(Beginning of Data extract)

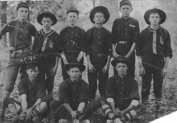| Ball team taken about 1909 around Fairbanks. From right to left the boy on the bottom row sitting down with the ball in his hand is Joseph Hudson. The boy above him is William Addington May. Does anyone know who the other boys are? --Submitted by Alice Burroughs Shipley | |
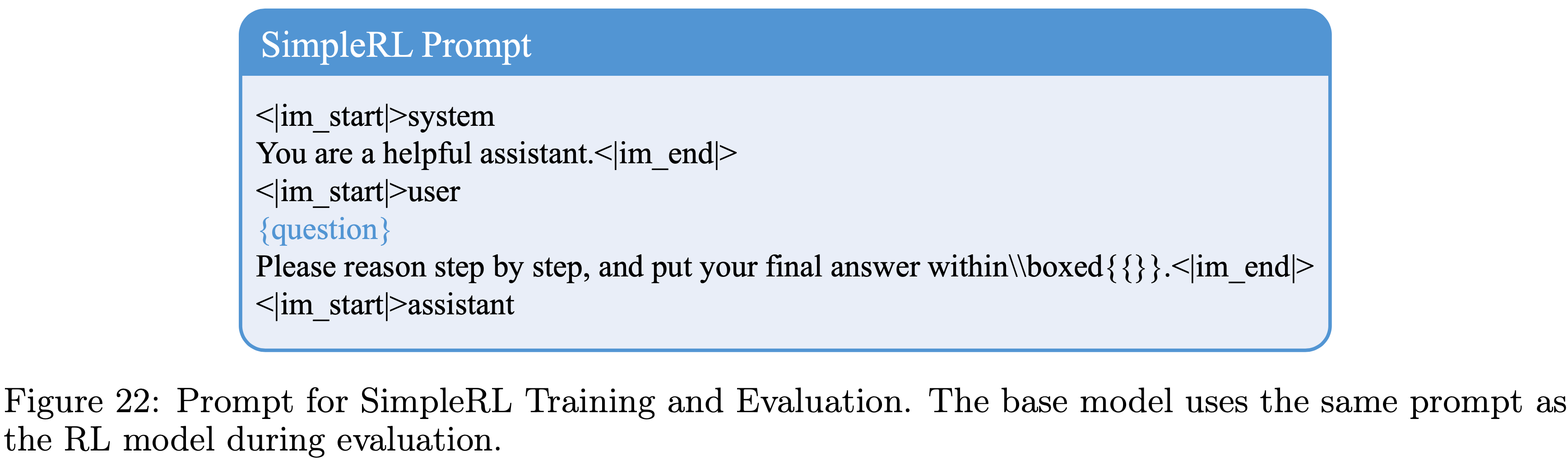 • 用于 SimpleRL 训练和评估的 Prompt 如图 22 所示
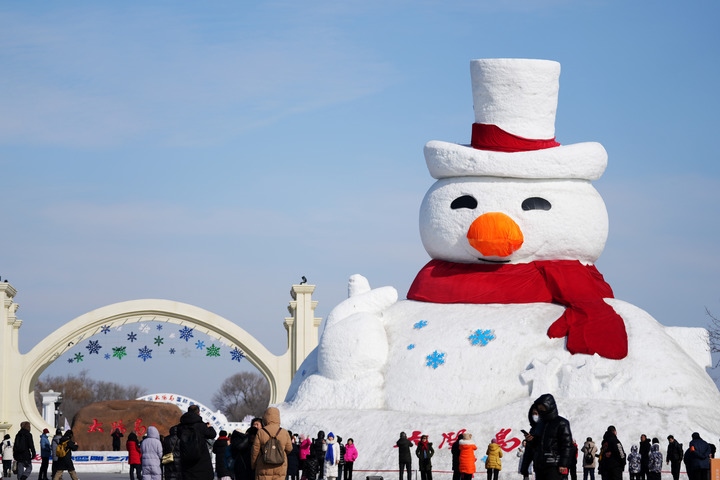 2月24日,在哈爾濱太陽(yáng)島雪博會(huì)園區(qū)門口,游客在大雪人前留影。新華社記者王建威攝
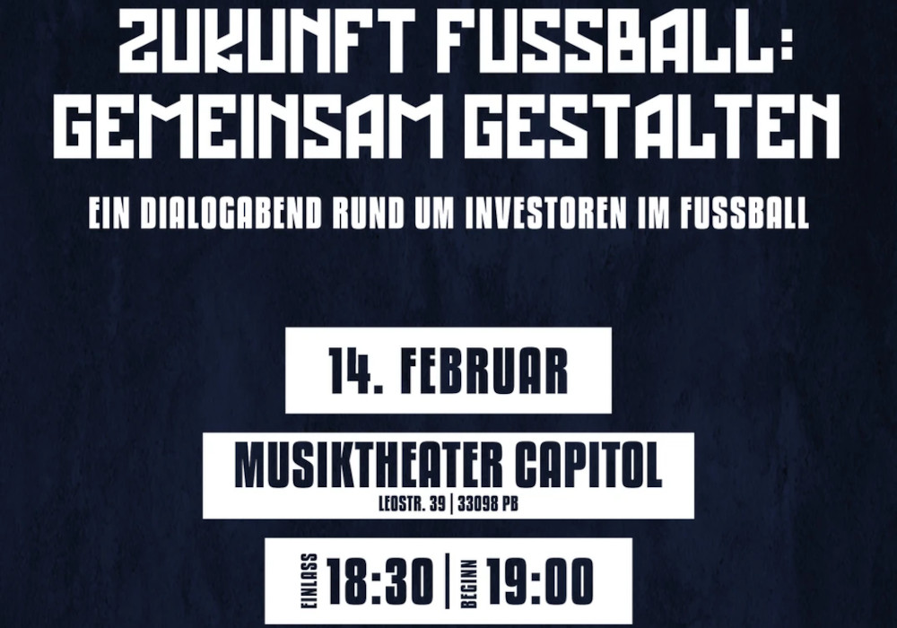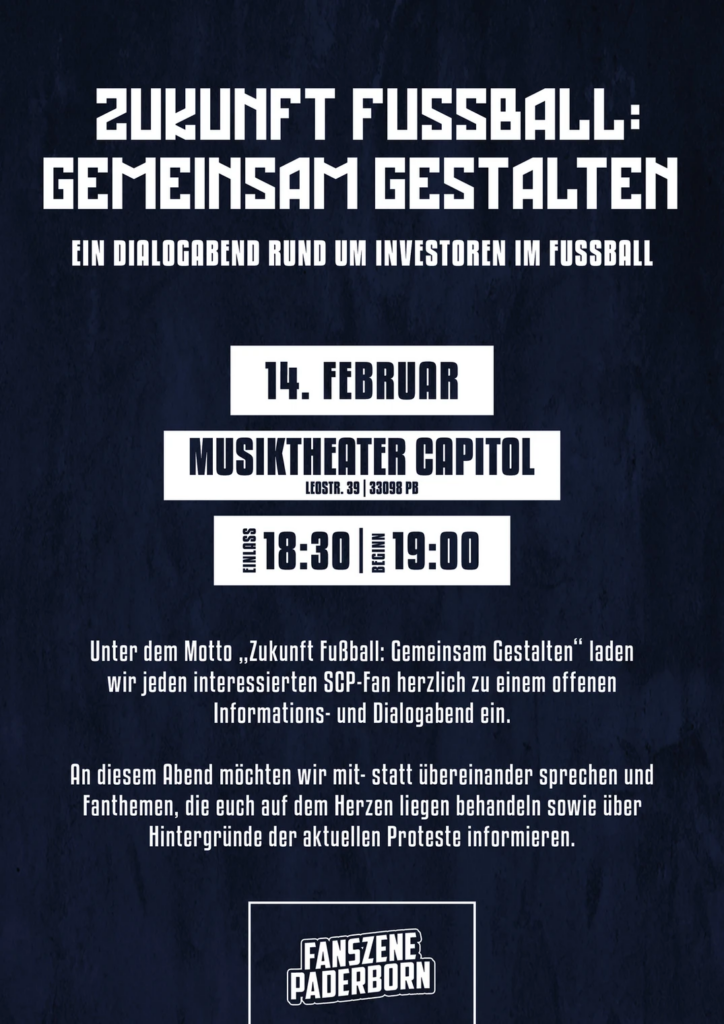 Die Fanszene Paderborn veranstaltet heute Abend (14. Februar) um 19:00 Uhr einen Dialogabend rund um das Thema Investoren im Fußball. Dazu sind alle interessierten SC Paderborn-Fans zu einem offenen Austausch ins Musiktheater Capitol in Paderborn eingeladen, heißt es in einer Mitteilung der Supporters Paderborn. Im Zuge dessen möchte die Fanszene auch über die Hintergründe der aktuellen Proteste informieren. (Faszination Fankurve, 14.02.2024)

(End of Data extract)

__Exercise details__: Repeat the data word for word. Skip the pictures.

__Exercise solution__:
| Ball team taken about 1909 around Fairbanks. From right to left the boy on the bottom row sitting down with the ball in his hand is Joseph Hudson. The boy above him is William Addington May. Does anyone know who the other boys are? --Submitted by Alice Burroughs Shipley | |
 • 用于 SimpleRL 训练和评估的 Prompt 如图 22 所示
 2月24日,在哈爾濱太陽(yáng)島雪博會(huì)園區(qū)門口,游客在大雪人前留影。新華社記者王建威攝
 Die Fanszene Paderborn veranstaltet heute Abend (14. Februar) um 19:00 Uhr einen Dialogabend rund um das Thema Investoren im Fußball. Dazu sind alle interessierten SC Paderborn-Fans zu einem offenen Austausch ins Musiktheater Capitol in Paderborn eingeladen, heißt es in einer Mitteilung der Supporters Paderborn. Im Zuge dessen möchte die Fanszene auch über die Hintergründe der aktuellen Proteste informieren. (Faszination Fankurve, 14.02.2024)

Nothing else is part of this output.